# [Given material]
= Beginning of Section =
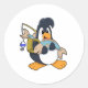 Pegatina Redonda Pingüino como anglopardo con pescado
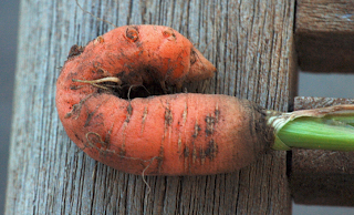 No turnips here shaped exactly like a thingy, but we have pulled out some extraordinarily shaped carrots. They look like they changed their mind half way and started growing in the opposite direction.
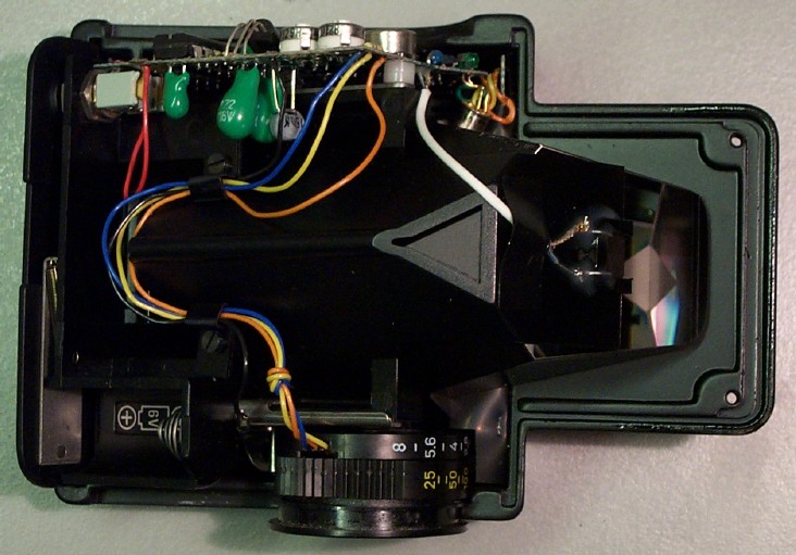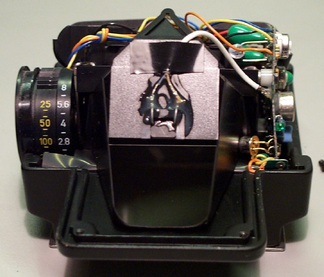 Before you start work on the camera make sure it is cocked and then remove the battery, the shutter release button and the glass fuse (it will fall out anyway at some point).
= End of Section =
# [Your task]
Quote, please, only the lines running from the one with "No turnips here" down to the final line of the data above, keeping both ends and skipping the pictures.

# [Solution for this problem]
 No turnips here shaped exactly like a thingy, but we have pulled out some extraordinarily shaped carrots. They look like they changed their mind half way and started growing in the opposite direction.
 Before you start work on the camera make sure it is cocked and then remove the battery, the shutter release button and the glass fuse (it will fall out anyway at some point).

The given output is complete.